— Description of the task —
Quote word for word the lines below, beginning with the first and ending with the one that has "2023Landschap kleurrijk klaproos". Drop the pictures.

[Collection entries]
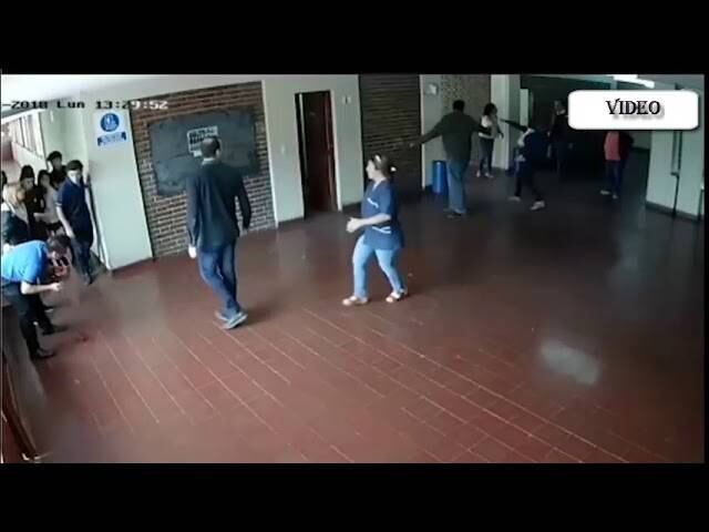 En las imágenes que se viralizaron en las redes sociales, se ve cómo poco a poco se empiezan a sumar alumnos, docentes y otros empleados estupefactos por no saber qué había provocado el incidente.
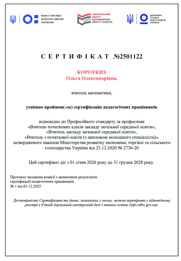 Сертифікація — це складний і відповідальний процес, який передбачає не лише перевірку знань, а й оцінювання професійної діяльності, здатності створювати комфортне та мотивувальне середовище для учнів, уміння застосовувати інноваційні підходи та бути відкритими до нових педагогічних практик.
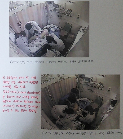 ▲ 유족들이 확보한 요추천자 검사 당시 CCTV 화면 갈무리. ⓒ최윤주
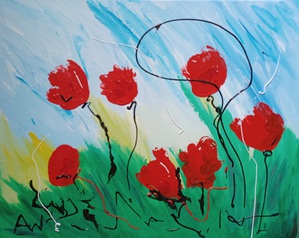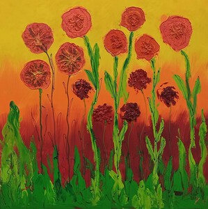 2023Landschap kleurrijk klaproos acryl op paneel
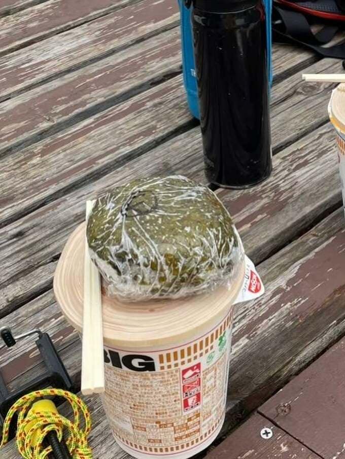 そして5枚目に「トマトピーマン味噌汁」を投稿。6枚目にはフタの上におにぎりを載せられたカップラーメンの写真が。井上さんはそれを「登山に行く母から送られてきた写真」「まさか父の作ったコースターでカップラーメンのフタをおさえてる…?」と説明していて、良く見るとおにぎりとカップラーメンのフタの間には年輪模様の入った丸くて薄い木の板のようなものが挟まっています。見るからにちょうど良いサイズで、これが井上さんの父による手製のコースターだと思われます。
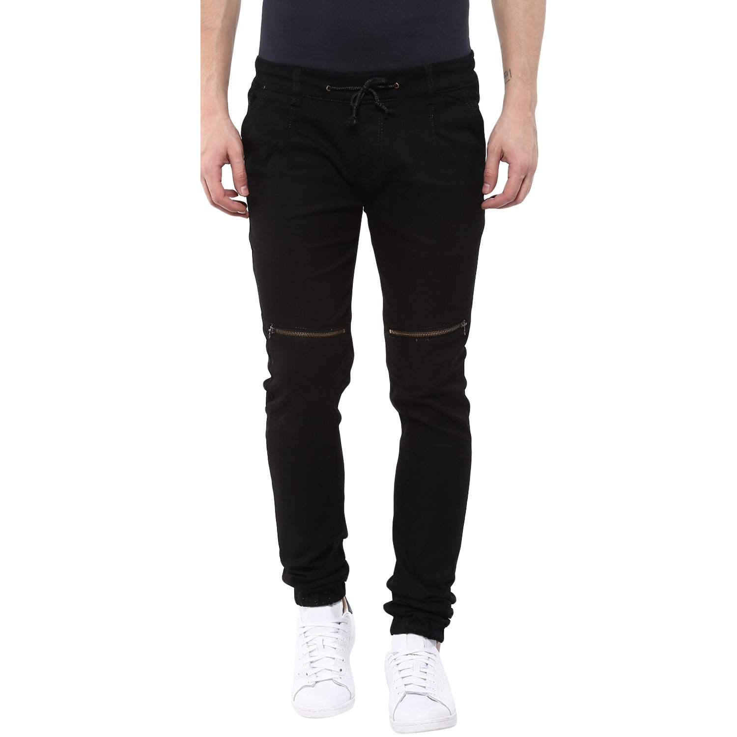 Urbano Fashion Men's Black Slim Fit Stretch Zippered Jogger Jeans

— Worked solution —
 En las imágenes que se viralizaron en las redes sociales, se ve cómo poco a poco se empiezan a sumar alumnos, docentes y otros empleados estupefactos por no saber qué había provocado el incidente.
 Сертифікація — це складний і відповідальний процес, який передбачає не лише перевірку знань, а й оцінювання професійної діяльності, здатності створювати комфортне та мотивувальне середовище для учнів, уміння застосовувати інноваційні підходи та бути відкритими до нових педагогічних практик.
 ▲ 유족들이 확보한 요추천자 검사 당시 CCTV 화면 갈무리. ⓒ최윤주
 2023Landschap kleurrijk klaproos acryl op paneel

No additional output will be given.